*What needs to be done*
Beginning with the line that holds "7:搅拌成没有颗粒的蛋面糊,最后撒入香葱末拌匀。", copy each line to the end of the records exactly, except the pictures.

*Data for review*
+ + + +

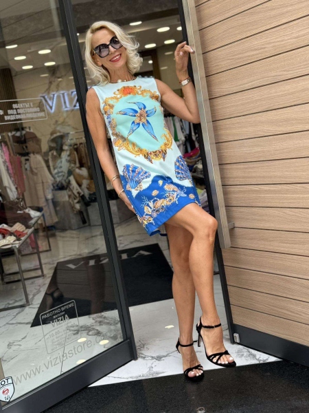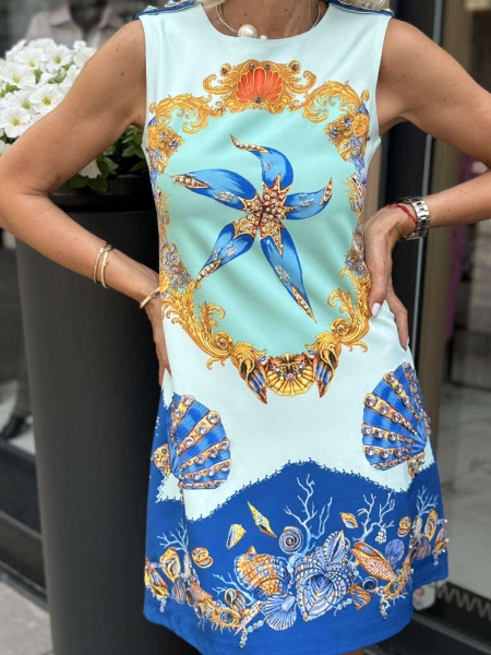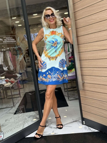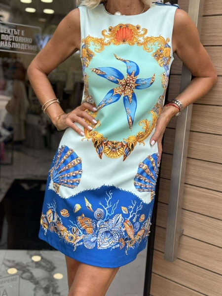 Рокля с трапецовидна кройка в сини нюанси с декорация от камъчета. Моделът се закопчава с цип.
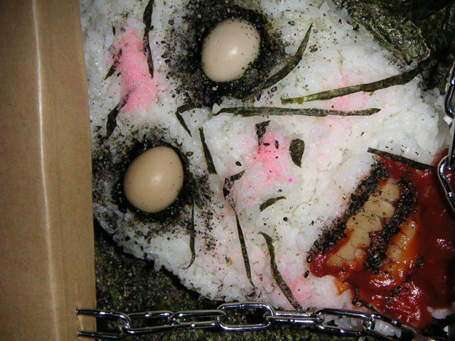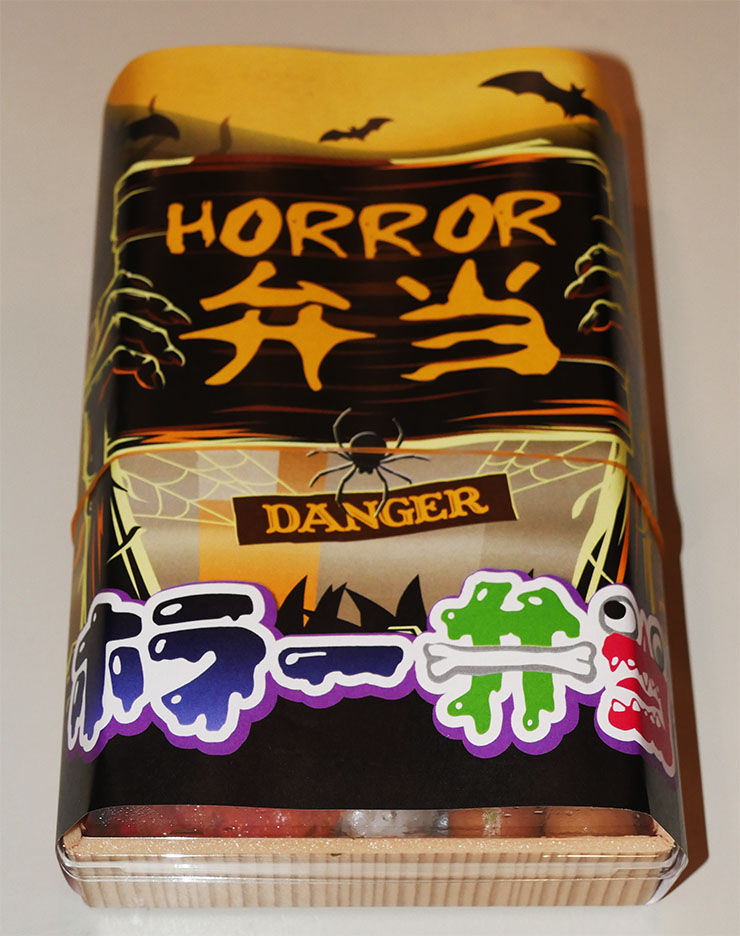 実際に購入してみたのだが、確かにこれはホラーだ(笑)。ゾンビのような顔をモチーフに弁当が構成されているのである。
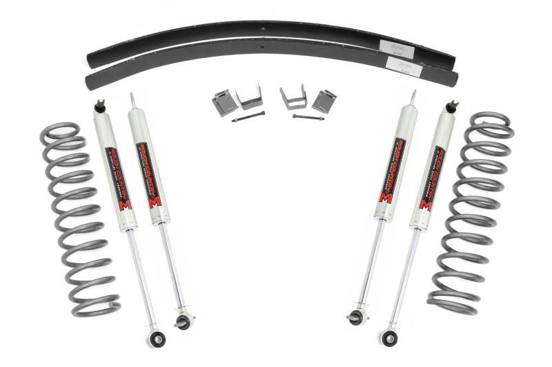All-Inclusive Lift Solution: Rough Country's 3" Lift Kit for the Jeep Cherokee XJ includes everything you need for a complete upgrade, delivering improved stance, ride quality, and off-road performance.Next-Level Shock Performance: This kit comes equipped with our Nitrogen-charged N3 shocks featuring custom 10-stage variable valving. Engineered for versatility, they deliver a smooth, controlled ride on the pavement and superior performance when the terrain gets rough. For even greater customization, upgrade to our premium M1 monotube shocks for enhanced stability and cooling or step up to V2 monotube shocks for maximum off-road control and long-lasting durability.Lifted Coil Springs for Clearance: Precision-engineered front coil springs provide consistent ride height and help level your Cherokee while allowing clearance for up to 31" tires. Tackle trails or daily driving with confidence.Customizable Rear Suspension: Choose between standard rear add-a-leaf springs for an affordable boost or upgrade to full replacement lifted leaf packs to refresh your suspension and maximize ride quality.
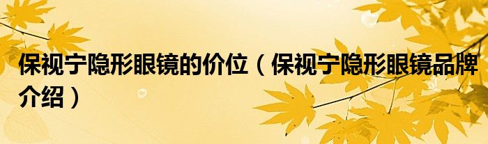 大家好,小源来为大家解答以上问题。保视宁隐形眼镜的价位,保视宁隐形眼镜品牌介绍很多人还不知道,现在让我们一起来看看吧!
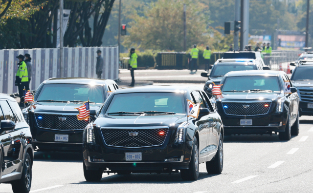 후미에는 미국 측 경호 차량 수십 대가 뒤따랐다. ‘더 비스트’ 3대는 행렬 중간에 위치했으며, 차량 양쪽에는 한국과 미국 국기가 나란히 꽂혀 있었다.
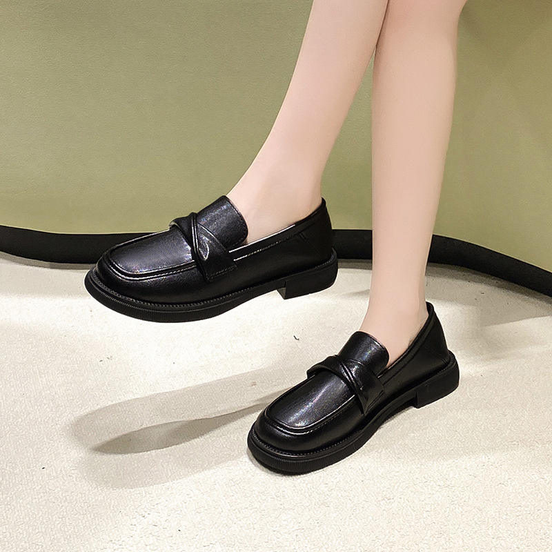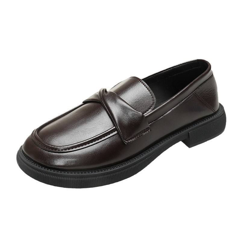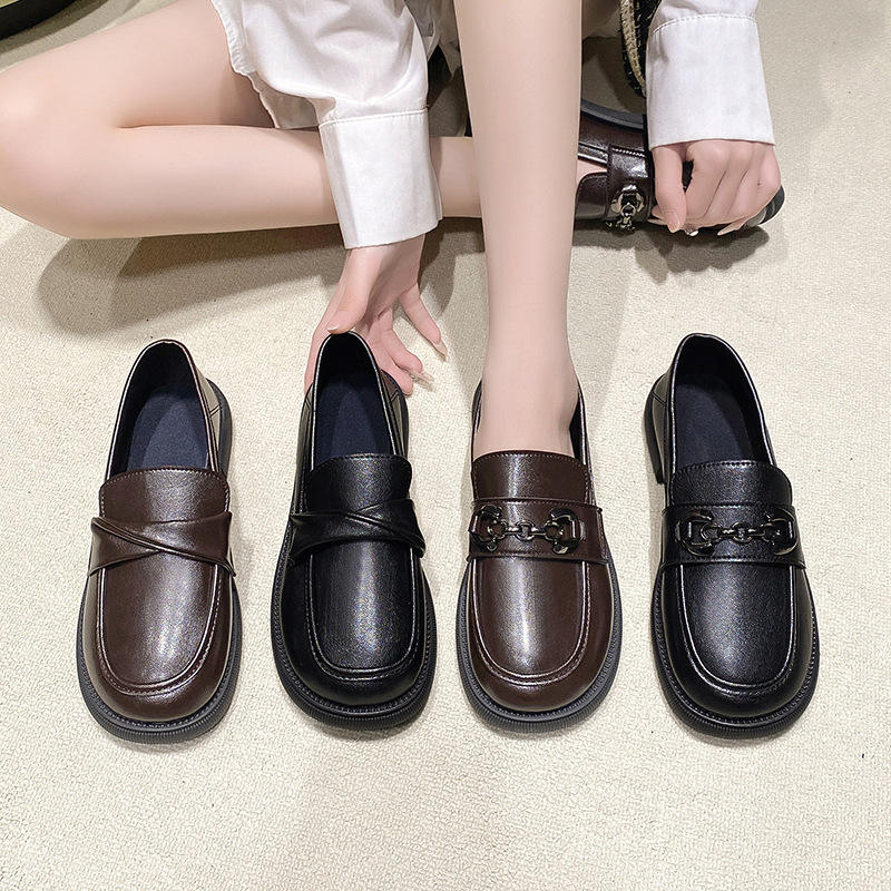 Nouvelle Arrivée Chaussures Plates en Cuir Style Britannique à Chaîne Grande Taille pour Femmes Automne à Enfiler Talon Bas
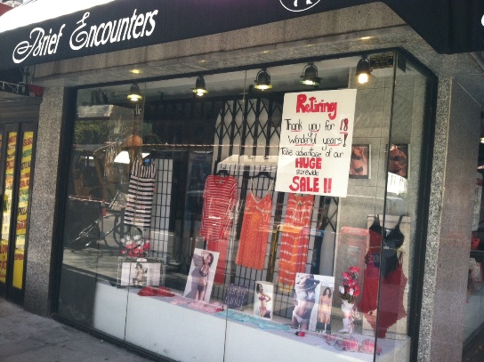 Brief Encounters, a lingerie store on the corner of 71st and Columbus, is closing after 18 years with a going-out-of-business sale. A sign on the window says “Retiring. Thank You for 18 Wonderful Years!”
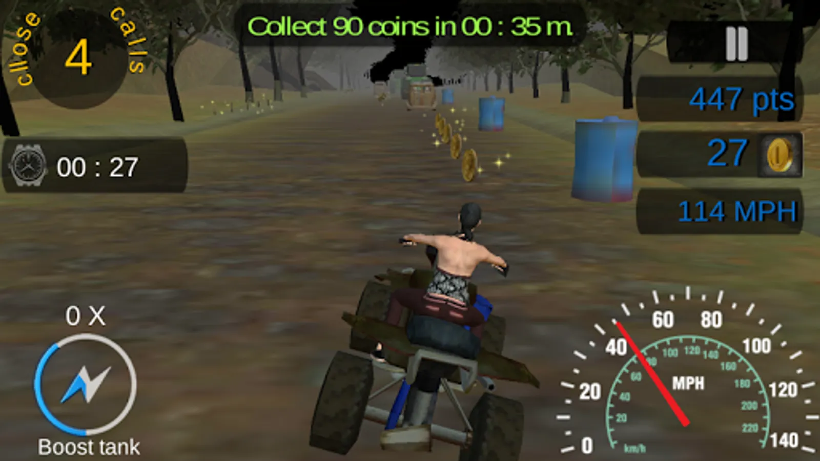 In Moto Adventure, being daring and passing close to the cars and trucks increases the speed of your bike and your score as well.
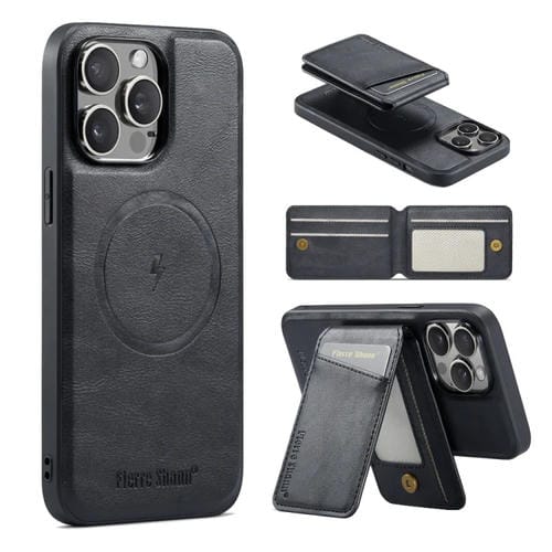 Funda para Teléfono Fierre Shann iPhone 14 Pro Max Oil Wax con Tarjetero Magnético de Cuero de Vaca (Negro)
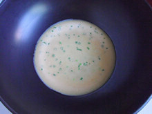 7:搅拌成没有颗粒的蛋面糊,最后撒入香葱末拌匀。
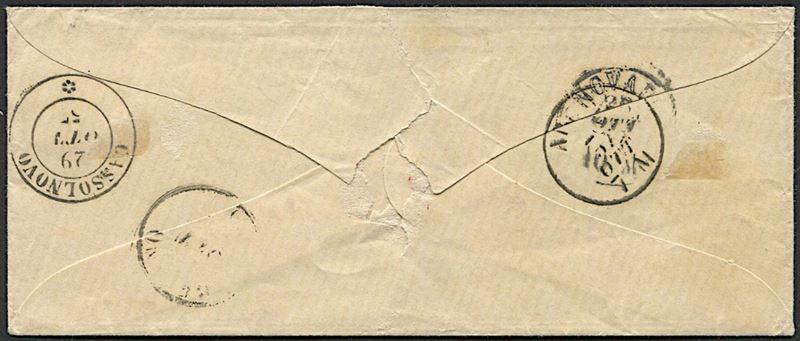 che in questa località si recava per soggiorni di piacere presso la Nobile famiglia Arconati. Affrancata con 20 cent. di Sardegna, al verso bolli di transito di Arona, Novara e di arrivo a Cassolnovo del 29 Ottobre. Rara, in perfetto stato.
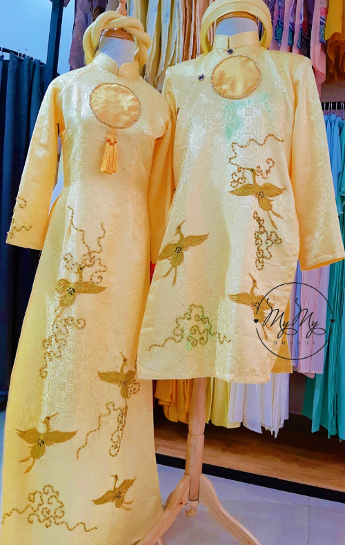 Cặp áo dài Cô Dâu - Chú Rể màu vàng nhẹ nhàng, cùng với họa tiết thêu chim hạt nổi bật sẽ làm cho những thướt hình của bạn trở nên long lanh hơn bao giờ hết.

+ + + +

*Reply*
 7:搅拌成没有颗粒的蛋面糊,最后撒入香葱末拌匀。
 che in questa località si recava per soggiorni di piacere presso la Nobile famiglia Arconati. Affrancata con 20 cent. di Sardegna, al verso bolli di transito di Arona, Novara e di arrivo a Cassolnovo del 29 Ottobre. Rara, in perfetto stato.
 Cặp áo dài Cô Dâu - Chú Rể màu vàng nhẹ nhàng, cùng với họa tiết thêu chim hạt nổi bật sẽ làm cho những thướt hình của bạn trở nên long lanh hơn bao giờ hết.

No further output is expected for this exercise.